Certainly! Let's go through the calculations step by step:
1. Calculating [tex]\(2\pi\)[/tex]:
- We need to compute [tex]\(2\)[/tex] times [tex]\(\pi\)[/tex].
- The value of [tex]\(\pi\)[/tex] (pi) is approximately [tex]\(3.141592653589793\)[/tex].
- [tex]\(2 \times \pi = 2 \times 3.141592653589793 = 6.283185307179586\)[/tex].
Therefore, [tex]\(2\pi = 6.283185307179586\)[/tex].
2. Calculating [tex]\(\frac{\pi}{4}\)[/tex]:
- We need to compute [tex]\(\frac{\pi}{4}\)[/tex], which is [tex]\(0.25\)[/tex] times [tex]\(\pi\)[/tex].

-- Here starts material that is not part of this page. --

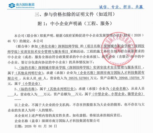 1.供应商名称:深圳市南方国际人才科技集团有限公司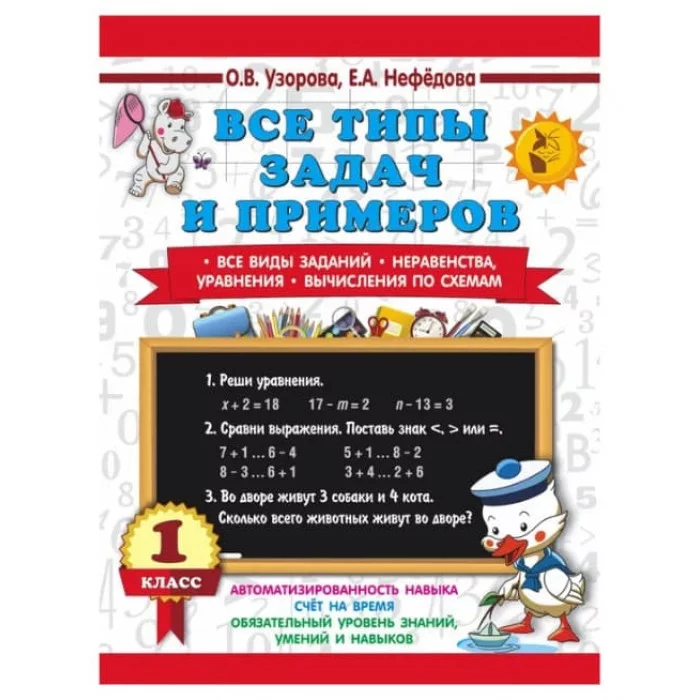 Книга "Все виды задач и примеров 1 класс. Все виды задач. Неравенства, уравнения. Расчеты по схемам" Узоровой Ольги Васильевны и Нефедовой Елены Алексеевны содержит различные типы задач и примеров по математике для учащихся 1 класса. В книгу включены неравенства, уравнения и расчеты по схемам. В нем также есть примеры с «окнами», в которые учащимся нужно вставлять цифры или знаки.

- The value of [tex]\(\pi\)[/tex] is approximately [tex]\(3.141592653589793\)[/tex].
- [tex]\(0.25 \times \pi = 0.25 \times 3.141592653589793 = 0.7853981633974483\)[/tex].
Therefore, [tex]\(\frac{\pi}{4} = 0.7853981633974483\)[/tex].
3. Calculating [tex]\(5.2e\)[/tex]:
- We need to compute [tex]\(5.2\)[/tex] times [tex]\(e\)[/tex].
- The value of [tex]\(e\)[/tex] (Euler's number) is approximately [tex]\(2.718281828459045\)[/tex].
- [tex]\(5.2 \times e = 5.2 \times 2.718281828459045 = 14.135065507987035\)[/tex].
Therefore, [tex]\(5.2e = 14.135065507987035\)[/tex].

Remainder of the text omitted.